ConstantlyQuestioning wrote:Don't read what's not there nimh. This refers specifically to the notion of keeping a new Iraq from devolving into the old Iraq
What "old Iraq"? Iraq wasn't a Muslim state before the Americans invaded it - it was a secular dictatorship. Apologies for the exasperation, but I wish you people would stop confusing IraQ with IraN, darn it.
Under Saddam, religious leaders were forced to kowtow to the dictator's line or "disappear". Its one of the reasons why people turn to religious leaders now - cause they're seen as the
alternative to Saddamism as well as Americanism.
ConstantlyQuestioning wrote:Not ALL nations unfriendly to the US are thugs, but a bunch of tribal clerics trying to bring about there own version of a theology in Iraq are.
Why? Christian-democracy once started as a bunch of (Catholic, Protestant) clerics winning elections by promoting their version of theology.
The definition of "thugs", as in, people we need to keep out of power by violence and occupation if need be, should be based on behaviour, not ideology.

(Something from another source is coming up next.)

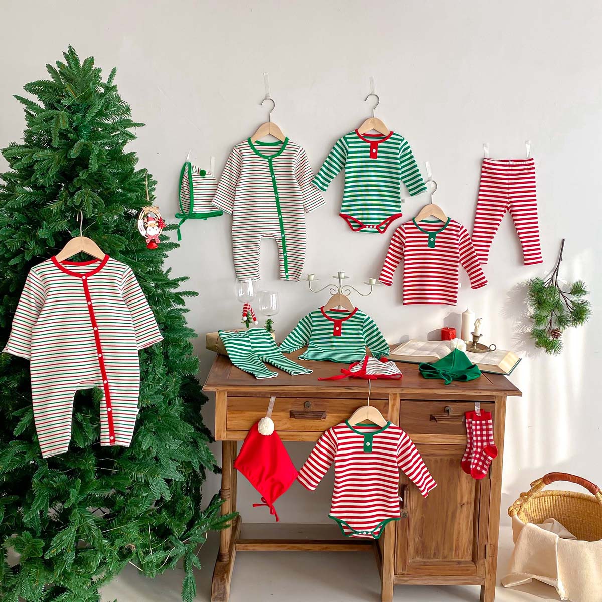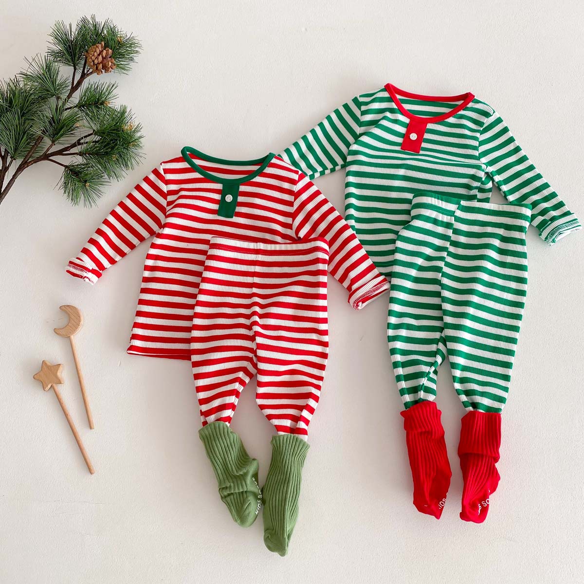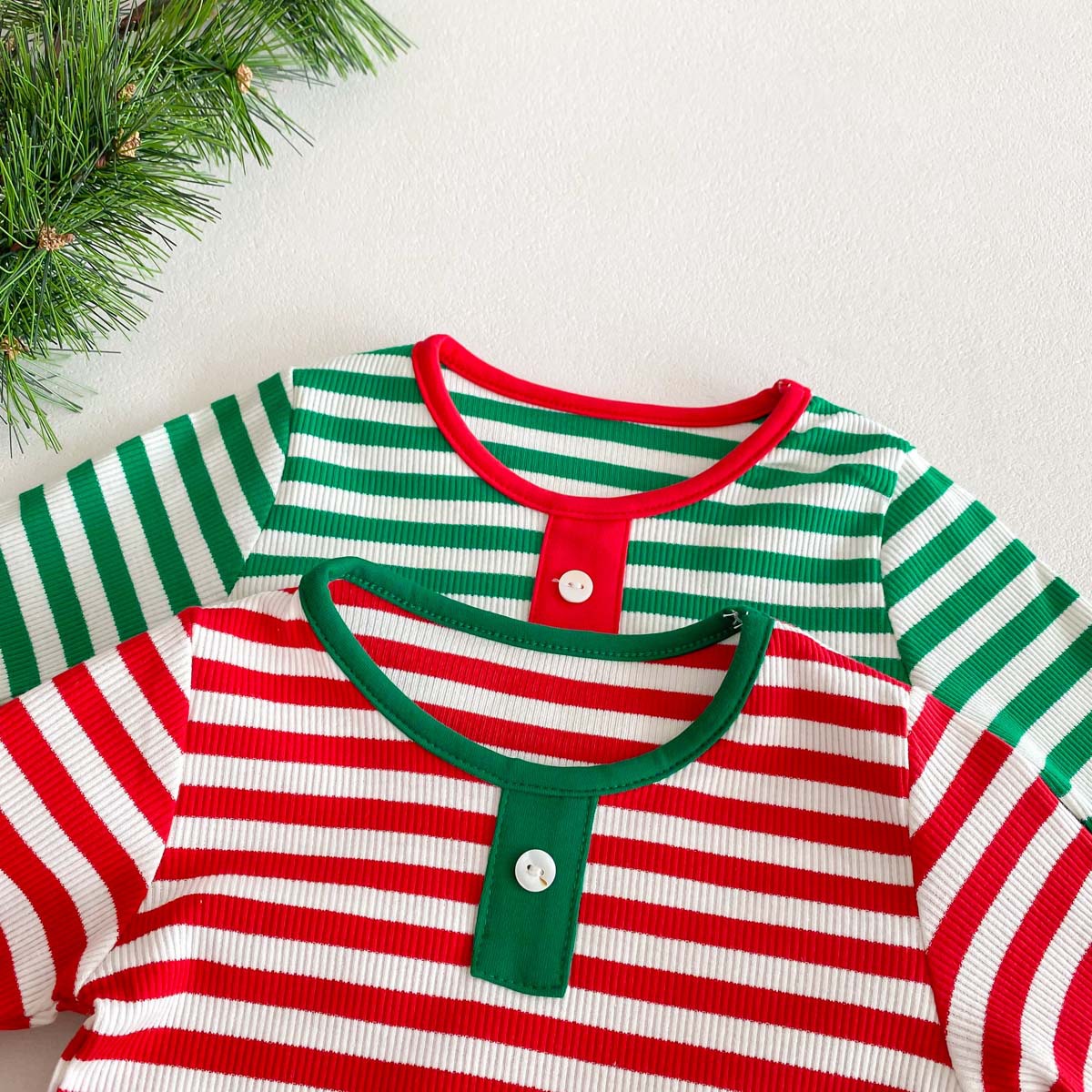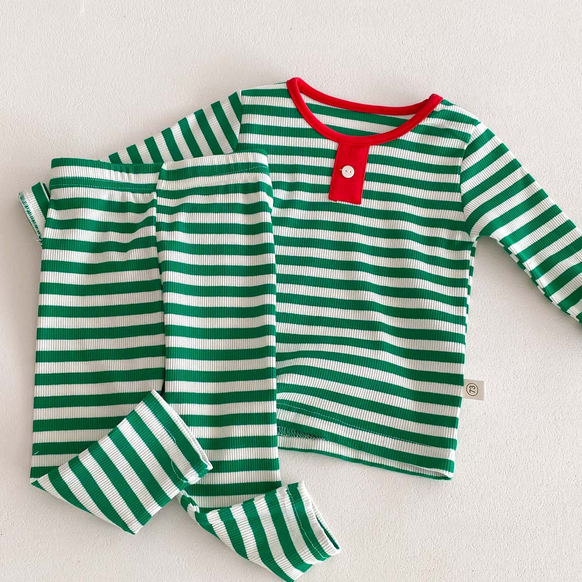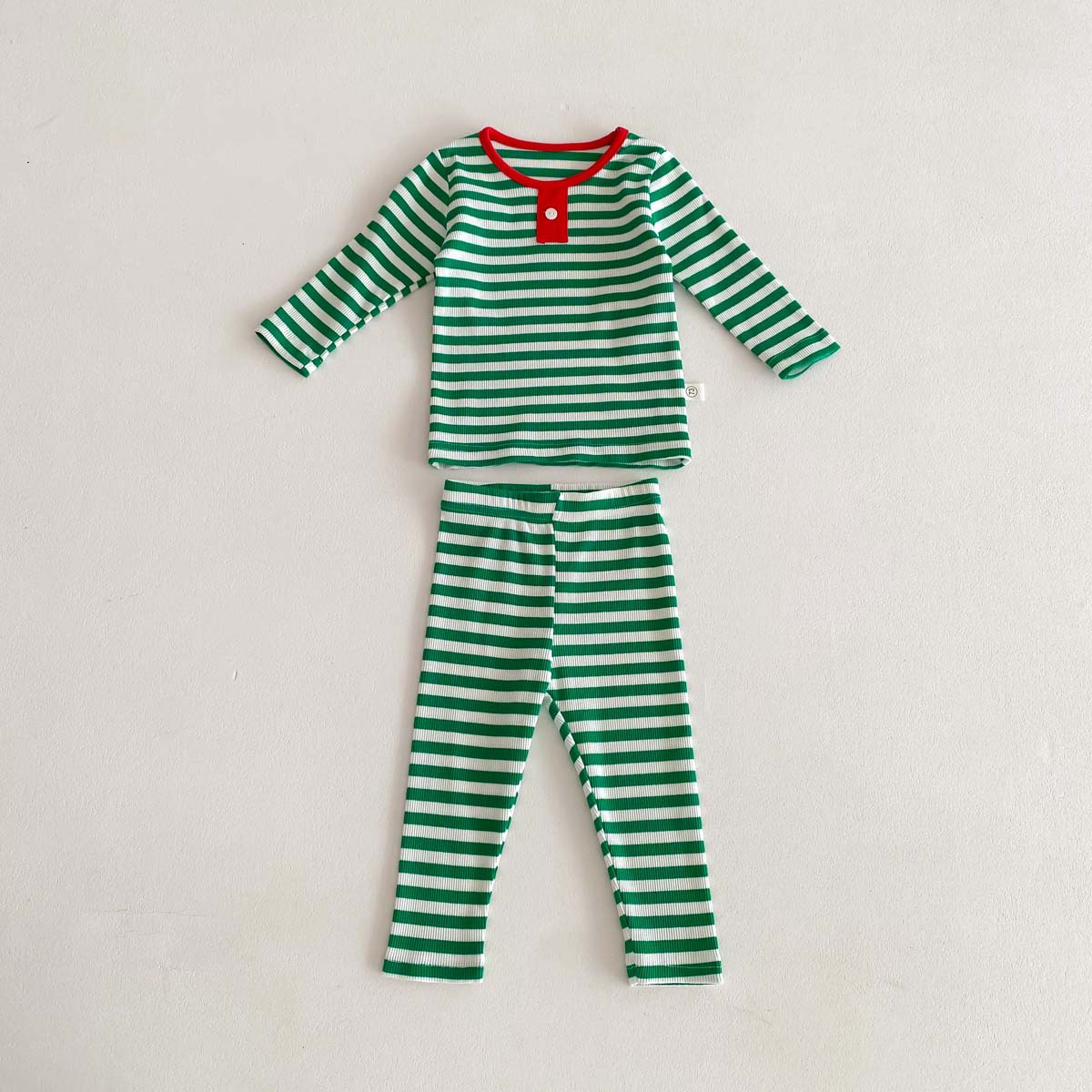 어린이 가을과 겨울 줄무늬 둥근 목 홈 웨어 세트 유아 크리스마스 옷 긴 소매 바지 바닥 투피스 세트스토어 가기

If they start persecuting the opposition etc, they're thugs. If they win the elections through anti-American rhetorics, but reasonably keep to the rules of the democratic game, they're not. IMHO.
Iraq's religious leaders are the one authority Iraqis trust now. You can't keep them out of whatever political system you're building, not without resorting to (thuggish) police state tactics yourself. By insisting they should at all costs not be allowed into power, you just boost a radicalising resistance.
By making clear that what you're concerned about is the rules of the game (basic human rights, half-decent democracy, no violent persecution of minorities and a reasonably free media should be feasible) - but that in terms of political points of view they choose to promote within the rules of the game, they're as free as anyone is in their own country (i.e. they dont suddenly need to become happy capitalist grateful friends of America) - you just might stand a chance of transforming those religious leaders into a stabilising factor.